Would you retype the whole listing exactly, leaving its pictures out?

■ **Given material**:
----
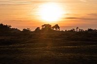 het landschap van het nationale park de Hoge Veluwe in de winter, op het moment van een prachtige zonsondergang
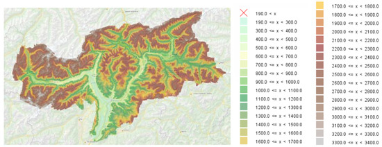 The whole region of South Tyrol covers 7400 km2 with altitudes ranging from 190 m to more than 3000 m (Figure 3). The surface area below 1000 m above sea level (a.s.l.) is 14.1% of the total area, while the surface area over 1500 m a.s.l. represents 64.4% of the total area [36]. Due to the mountainous topography, diverse climate conditions exist. To analyze and subdivide the climate, climate data of different locations in South Tyrol are required. In this paper, climate data used were from (1) Provincia Autonoma di Bolzano Alto Adige (including data of 30 representative weather stations), and (2) results of the 3PClim project [37].
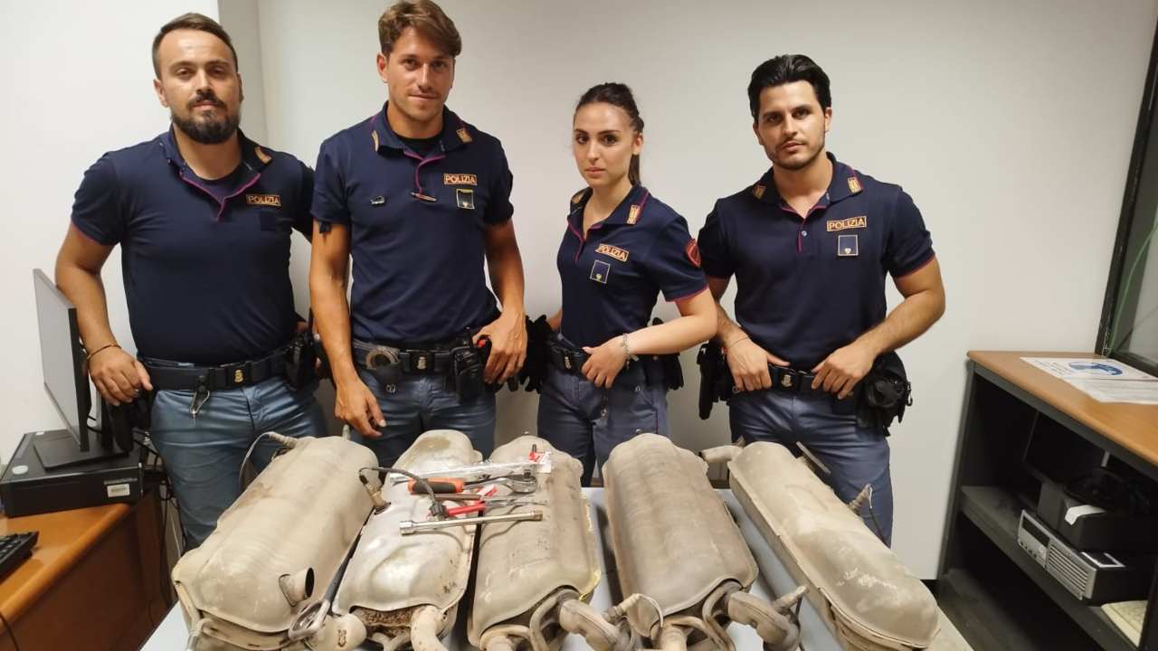Nell’immediatezza i poliziotti sono riusciti a bloccare l’uomo che stava chinato sotto l’auto mentre era intento nell’asportazione della marmitta e, subito dopo una breve perlustrazione nelle vie adiacenti, hanno scorto un’autovettura con a bordo un solo conducente le cui caratteristiche rispondevano alle descrizioni ricevute.
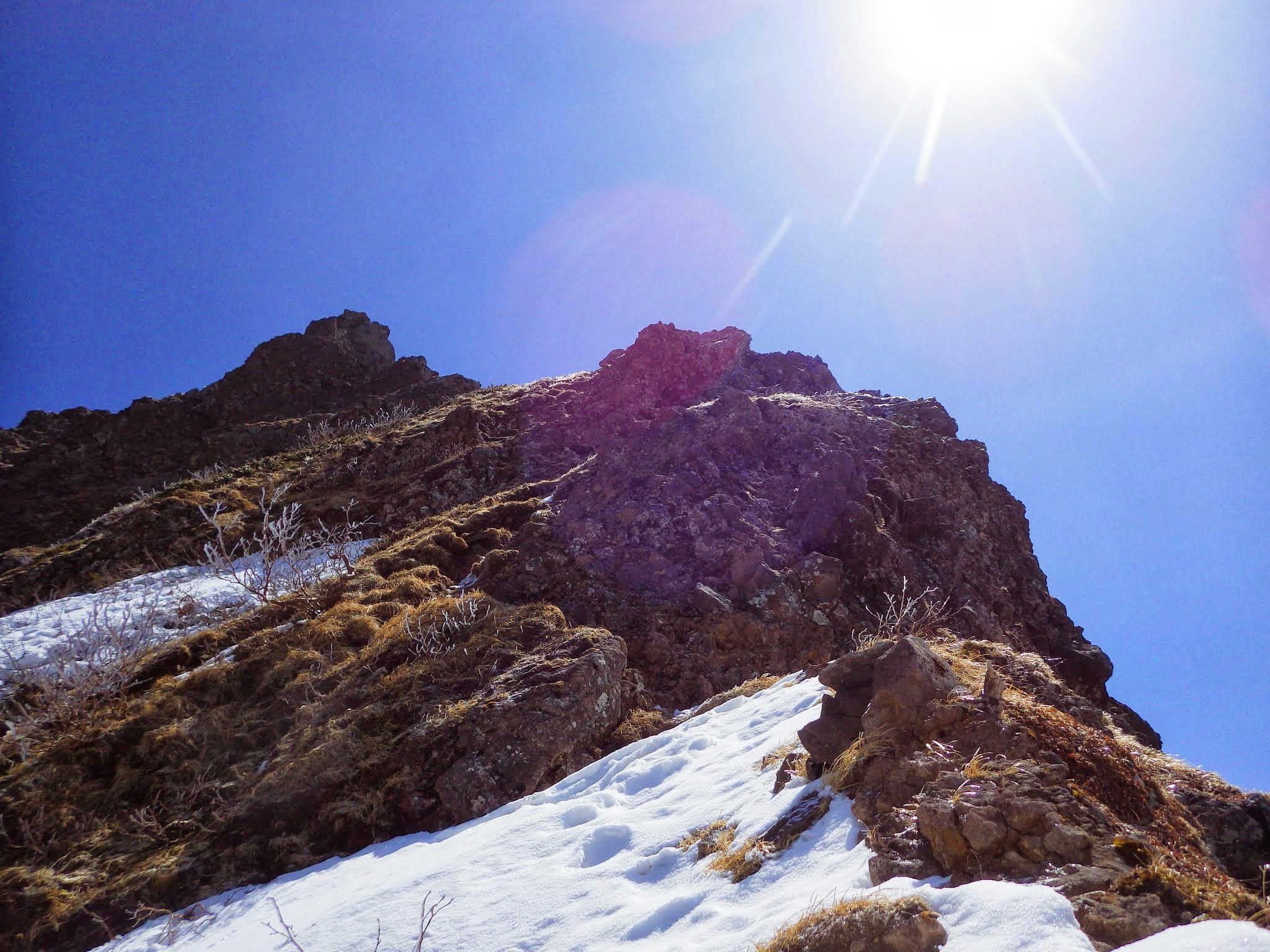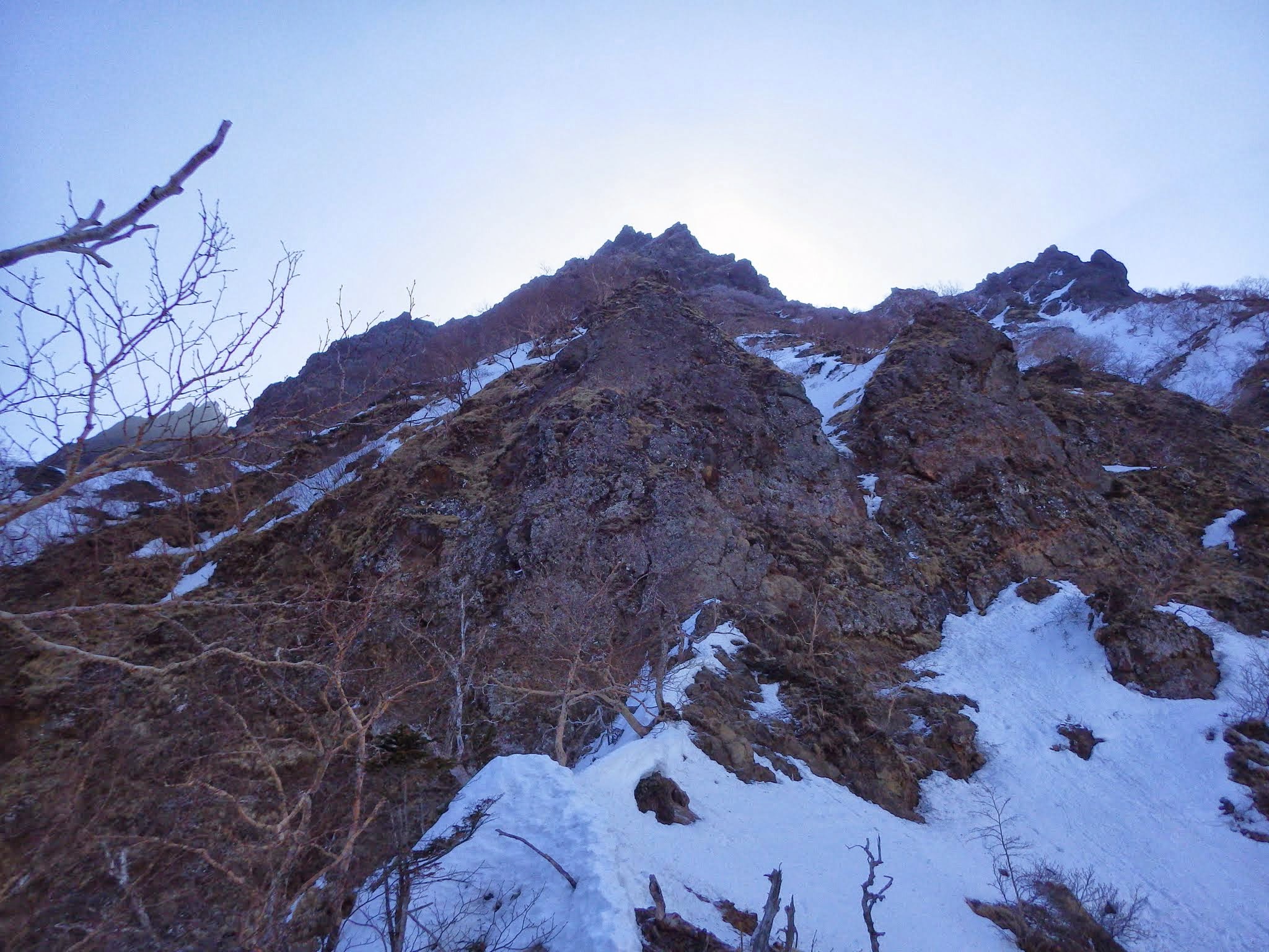 ここまで順調。天候も抜群。右にトラバースすればすぐに登山道だが、左の凹角へ向かい日ノ岳ピークへ。ものすごく悪そうな氷が垂れてたが、その左壁を登って右にトラバースするのがルート。 出だしだけちょっと慎重に、あとは簡単な斜面を登れば日ノ岳ピーク。
----
■ **Answer for the task**:
 het landschap van het nationale park de Hoge Veluwe in de winter, op het moment van een prachtige zonsondergang
 The whole region of South Tyrol covers 7400 km2 with altitudes ranging from 190 m to more than 3000 m (Figure 3). The surface area below 1000 m above sea level (a.s.l.) is 14.1% of the total area, while the surface area over 1500 m a.s.l. represents 64.4% of the total area [36]. Due to the mountainous topography, diverse climate conditions exist. To analyze and subdivide the climate, climate data of different locations in South Tyrol are required. In this paper, climate data used were from (1) Provincia Autonoma di Bolzano Alto Adige (including data of 30 representative weather stations), and (2) results of the 3PClim project [37].
Nell’immediatezza i poliziotti sono riusciti a bloccare l’uomo che stava chinato sotto l’auto mentre era intento nell’asportazione della marmitta e, subito dopo una breve perlustrazione nelle vie adiacenti, hanno scorto un’autovettura con a bordo un solo conducente le cui caratteristiche rispondevano alle descrizioni ricevute.
 ここまで順調。天候も抜群。右にトラバースすればすぐに登山道だが、左の凹角へ向かい日ノ岳ピークへ。ものすごく悪そうな氷が垂れてたが、その左壁を登って右にトラバースするのがルート。 出だしだけちょっと慎重に、あとは簡単な斜面を登れば日ノ岳ピーク。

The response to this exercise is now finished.